GPT-4o performing poorly for code related tasks! Why?

RachelNyx · June 11, 2024, 5:26pm

Yeah when it removes code when I tell it to to add something is bugging me the most with these chatbot. But 4o is far superior actual writing code than any other chatbot I’ve used so far. Sometimes it’s like talking to a kid, I need to tell it 3 times to stop half assing and rewrite.

lily.rudloff · June 12, 2024, 1:46pm

its unusable to be honest, i hope we dont get stuck with it at some point.

juanfra2280 · June 12, 2024, 9:00pm

It worked fine for me when I asked it to help me generate charts in python for data analysis. Maybe it’s been fine-tuned in that regard. But for everything else, Kotlin in my case, it’s a nightmare.

juanfra2280 · June 12, 2024, 9:03pm

I agree. It seems to me that 4o’s like a little kid that doesn’t like to follow rules and you have to tell it 10 times what to do for it to actually get it. You have to corner it into thinking like you. Otherwise, it’ll not give you the right output. I want to believe that there’s got to be a good enough reason as to why this is still going on and the company hasn’t been able to stop it…and I think it may have something to do with all those people who left recently. If the next release doesn’t fix this issue considering that the latest Turbo version was released WHILE those people were STILL WORKING at the company, I’d have to assume that they lost the ability to fine-tune their models.

illagencyus · June 13, 2024, 5:20am

Yall are using it wrong cause its coding better than claude for me.

Instructions :
List all the imports youre using and tell it to use its internet plugin to search 999999 sites or howeveer many it takes to run a simulated perfect code run. And debug that code 999999 times internally or however many times it takes.and please announce how many it actually yook… youre acting as a legend in all these librarys and languages and you not only double check but u check each line 9999 times internally prior to output. you do the same for all atributes and making sure eveything is defined. Be very maticulous and search the internet using your plugin as its a requirement.

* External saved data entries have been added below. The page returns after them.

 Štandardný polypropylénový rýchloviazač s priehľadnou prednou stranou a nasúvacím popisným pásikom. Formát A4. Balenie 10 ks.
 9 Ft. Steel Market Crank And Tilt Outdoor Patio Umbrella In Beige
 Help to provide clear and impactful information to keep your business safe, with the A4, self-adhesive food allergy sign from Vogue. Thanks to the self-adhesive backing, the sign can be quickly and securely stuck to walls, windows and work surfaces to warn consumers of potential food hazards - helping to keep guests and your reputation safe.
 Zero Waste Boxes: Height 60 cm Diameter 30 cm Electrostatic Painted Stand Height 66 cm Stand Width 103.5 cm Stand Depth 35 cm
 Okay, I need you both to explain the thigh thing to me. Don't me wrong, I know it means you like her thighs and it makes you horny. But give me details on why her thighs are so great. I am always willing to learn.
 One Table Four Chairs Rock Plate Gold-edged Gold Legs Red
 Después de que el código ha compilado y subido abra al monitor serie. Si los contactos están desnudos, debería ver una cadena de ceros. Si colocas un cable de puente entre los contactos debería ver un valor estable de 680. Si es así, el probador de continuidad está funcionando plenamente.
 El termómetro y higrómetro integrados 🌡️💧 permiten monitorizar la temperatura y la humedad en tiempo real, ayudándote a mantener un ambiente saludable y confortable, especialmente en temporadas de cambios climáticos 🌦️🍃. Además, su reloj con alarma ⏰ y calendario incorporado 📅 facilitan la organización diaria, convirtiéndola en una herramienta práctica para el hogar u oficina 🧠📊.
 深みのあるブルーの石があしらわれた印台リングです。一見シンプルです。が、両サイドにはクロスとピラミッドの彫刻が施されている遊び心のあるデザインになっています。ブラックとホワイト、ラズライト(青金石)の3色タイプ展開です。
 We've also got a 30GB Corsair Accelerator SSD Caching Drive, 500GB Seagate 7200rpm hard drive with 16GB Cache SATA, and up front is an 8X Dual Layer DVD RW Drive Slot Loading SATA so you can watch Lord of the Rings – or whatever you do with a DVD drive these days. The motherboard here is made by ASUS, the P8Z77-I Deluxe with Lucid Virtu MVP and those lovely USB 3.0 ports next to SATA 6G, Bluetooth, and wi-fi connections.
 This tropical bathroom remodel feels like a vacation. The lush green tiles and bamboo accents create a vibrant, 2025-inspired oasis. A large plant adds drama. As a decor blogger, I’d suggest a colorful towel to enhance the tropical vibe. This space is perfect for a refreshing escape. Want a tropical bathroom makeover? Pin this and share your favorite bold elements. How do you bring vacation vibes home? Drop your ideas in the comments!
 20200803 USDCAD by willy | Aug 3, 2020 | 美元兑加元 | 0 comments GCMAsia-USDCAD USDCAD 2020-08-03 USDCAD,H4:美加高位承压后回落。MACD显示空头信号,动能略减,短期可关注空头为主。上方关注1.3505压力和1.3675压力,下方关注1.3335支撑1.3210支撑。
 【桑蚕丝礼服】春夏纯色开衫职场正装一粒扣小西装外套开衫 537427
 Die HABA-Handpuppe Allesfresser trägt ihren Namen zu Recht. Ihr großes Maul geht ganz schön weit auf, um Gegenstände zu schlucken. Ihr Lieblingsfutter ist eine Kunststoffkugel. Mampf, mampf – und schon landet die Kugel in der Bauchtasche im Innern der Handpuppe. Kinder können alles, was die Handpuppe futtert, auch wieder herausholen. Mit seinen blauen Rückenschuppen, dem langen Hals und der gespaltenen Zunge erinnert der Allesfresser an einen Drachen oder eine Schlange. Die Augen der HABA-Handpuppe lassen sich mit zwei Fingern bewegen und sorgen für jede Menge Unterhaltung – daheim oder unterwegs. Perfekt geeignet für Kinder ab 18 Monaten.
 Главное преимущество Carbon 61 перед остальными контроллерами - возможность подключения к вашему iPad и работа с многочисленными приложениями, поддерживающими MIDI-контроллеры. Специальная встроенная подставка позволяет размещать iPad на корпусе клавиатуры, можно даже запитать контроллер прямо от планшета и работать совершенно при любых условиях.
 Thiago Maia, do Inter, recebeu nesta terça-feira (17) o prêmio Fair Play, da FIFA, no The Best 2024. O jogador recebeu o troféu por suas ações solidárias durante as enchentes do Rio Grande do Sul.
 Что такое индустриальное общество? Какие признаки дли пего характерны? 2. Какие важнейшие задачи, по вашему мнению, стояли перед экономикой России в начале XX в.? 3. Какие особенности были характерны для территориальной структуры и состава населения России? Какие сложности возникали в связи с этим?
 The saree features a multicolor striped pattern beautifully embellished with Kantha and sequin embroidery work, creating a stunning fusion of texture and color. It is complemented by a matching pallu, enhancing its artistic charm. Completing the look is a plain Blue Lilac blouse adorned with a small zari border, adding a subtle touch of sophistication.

Yall are welcome. For more help

illagencyus · June 13, 2024, 5:22am

Also paste your current code every message.

MrPikuMON308 · June 13, 2024, 3:37pm

Very important step indeed

Plutes · June 13, 2024, 7:05pm

I also have found 4o to be at least as good as 4.0. I’ve been using it for SQL, python, JS, CSS, and HTML. I commonly ask it to solve an issue that requires understanding 2+ source files and/or code snippets. I once uploaded 3 files in different languages; it was able to correctly modify each file in the set.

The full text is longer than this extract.